By using water-side economizer technology in the air conditioning system serving Wells Fargo & Co.’s Minneapolis data centre, Bob Culver generated US$150,000 in free cooling last year.
Culver, vice-president of technology information group facilities, expects to save double that amount this year and up to US$450,000 annually as the bank continues to expand operations in the new, 80,000-square-foot facility.
That’s a 15 per cent overall savings on energy use — not bad for an investment that added $1million (about 1 per cent) to total construction costs when the facility was built two years ago. “It’s one of the better decisions we made,” Culver says.
The water-side economizer uses a combination of a cooling tower outside the building and a “shell and tube” heat exchanger inside. For about four months each year, the system can provide water that’s sufficiently chilled by outside air to allow the heat exchanger to directly feed Wells Fargo’s data centre with cold air, bypassing the chiller. Savings this year will come from shutting off two chillers that currently feed the data centre. Culver expects to add a third chiller in the next few years as the data centre expands to full capacity.
Climate matters
Free cooling starts to kick in when outside temperatures hit about 55 degrees, and it can bypass the chillers when temperatures drop to about 35 degrees, says John Smith, vice president at Michaud Cooley Erickson, a Minneapolis engineering consulting firm that worked on the Wells Fargo project.

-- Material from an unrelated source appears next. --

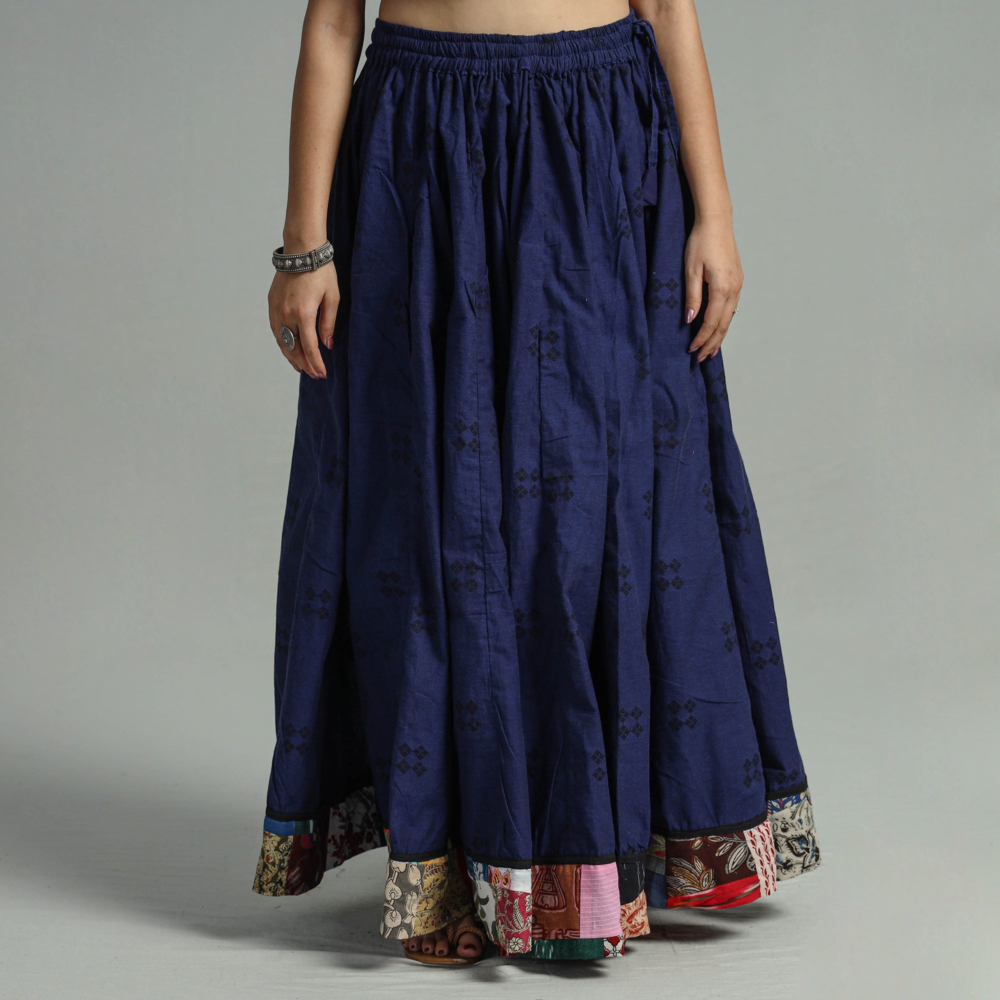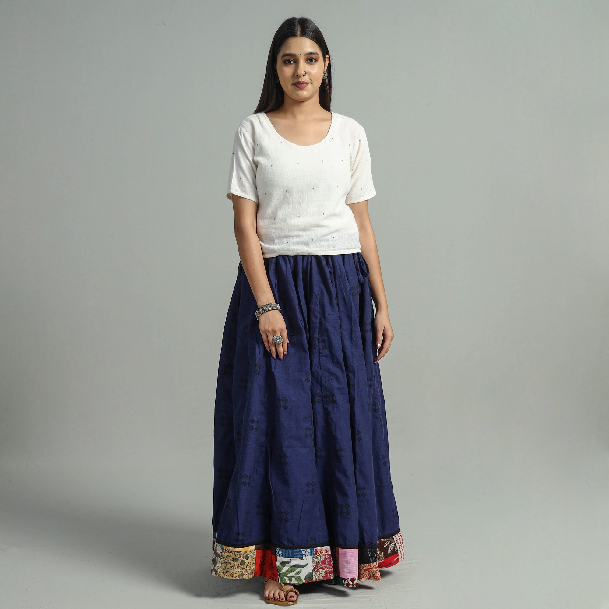 The blue jacquard patchwork 24 kali cotton long skirt features vibrant, stitched patchwork designs on cotton fabric. Crafted from jacquard weave cotton, this skirt boasts a waist tie-up closure, allowing for a customized and comfortable fit. The patchwork kali design adds a unique touch. Embrace elegance and tradition with this stunning piece.

Water-side economizers are less appealing in warmer climates, however, and may not fit neatly into existing data centers. “It’s somewhat expensive to retrofit,” says Culver, who has looked into using the technology at Wells Fargo’s other facilities.
Adds Smith: “While it can be done, it does require more mechanical space to contain the equipment, which would probably be difficult to incorporate into an existing facility.”
But Wells Fargo does use what’s called an air-side economizer in its Roseville, Calif., facility. “An air-side economizer works well in temperatures that wouldn’t be low enough to provide free cooling in a chilled-water design,” Culver says. But the systems, which directly use outside air to cool a facility, aren’t effective in most data centres because it takes more energy to control the humidity level of incoming air than the system saves. It’s a good fit in Roseville, Culver says, because humidity control isn’t an issue thanks to the moderate climate. The economizer saves energy by reducing chiller loads, and it occasionally allows one of the site’s two chillers to be shut down.
In facilities north of the Mason-Dixon Line, economizer technology can save up to two-thirds of cooling system energy costs while extending the life of existing chillers, says Mark Bramfitt, principal program manager at Pacific Gas & Electric Co. Although economizers are fairly common in commercial building designs, they haven’t been used much in data centers until recently.
A hard sell
Bramfitt says he meets a lot of resistance from data center managers even though PG&E will reimburse California businesses for up to half the incremental cost, allowing them to recover their costs within one year.
One company that made the move is Hewlett-Packard Co., which recently completed a 50,000-square-foot data centre in Palo Alto, Calif., that includes an economizer.
“They’re saving $1 million a year in power costs, and we presented them with a check for $400,000,” Bramfitt says.
But despite such success stories, “I’m having a hard time convincing the industry to make it happen,” he says. That’s because of IT worries about availability.
“Data centres managers say, ‘Let’s not make this too complicated,'” says Dean Rafferty, president of Michaud Cooley Erickson.
Even Culver wasn’t sold on the idea at first. “We were doubting Thomases. But the engineers did a mock-up, we reviewed it and made a decision to go with it,” he says.